That was exactly who I was going to guess  Jamie Lessie. She's awesome isn't she? I recommend buying one of her large arboreal enclosures... you can preorder right now an its only $69.... no shipping. That's crazy. It's 8x8x14 i think? Anyway, I emailed her about about it bc on her website, you have to pay for shipping if you "checkout" so I'm going to get her to just invoice me...hopefully. She probably secretly hates me because I'm always adding things onto my orders and emailing her about it lol. Anyway, yeah! Awesome stuff.
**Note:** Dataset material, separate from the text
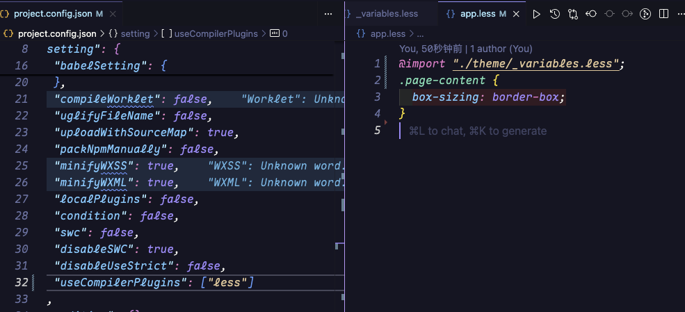 https://developers.weixin.qq.com/miniprogram/dev/devtools/compilets.html基础模板修改为使用less, 配置后app.less 中引入其他less 文件,热更新不生效。 需要手动清空缓存后再编译

Those little pink toes are just the best

Reactions: Like 1


----------



## spiderbesideher (Aug 1, 2015)

Yeah I love her website and great selection with a good shipping rate. I use the little water dishes from her site, and I ordered my GBB from her last week too!


----------



## spiderbesideher (Aug 3, 2015)

This counts as a tarantula picture right? 







Found this little DIY model on eBay for $7. Two hours and several fingernails later, success! 




Now I have a t I can promise won't bite :laugh:

Reactions: Like 2


----------



## Fini (Aug 3, 2015)

That looks awesome and perhaps dangerous.  Very pointy.

Reactions: Like 1


----------



## spiderbesideher (Aug 6, 2015)

B. albopilosum molted! She'd been in premolt for some time. Her abdomen is much smaller and her leg span is larger too. Didn't want to disturb her with an overhead shot.  One of my favorite, spunky t's.

Reactions: Like 1


----------



## spiderbesideher (Aug 8, 2015)

PZB moulted! Getting some coloration around the knees and more prominent bristles.

Reactions: Like 2


----------



## spiderbesideher (Aug 9, 2015)

Curly hair post molt. Looking sharp

Reactions: Like 1


----------



## SoulSpiegel12 (Aug 17, 2015)

Very beautiful Ts, can't wait to see more photos of them. Your GBB especially looks so pretty even as a sling!

Reactions: Like 1


----------



## spiderbesideher (Aug 23, 2015)

SoulSpiegel12 said:


> Very beautiful Ts, can't wait to see more photos of them. Your GBB especially looks so pretty even as a sling!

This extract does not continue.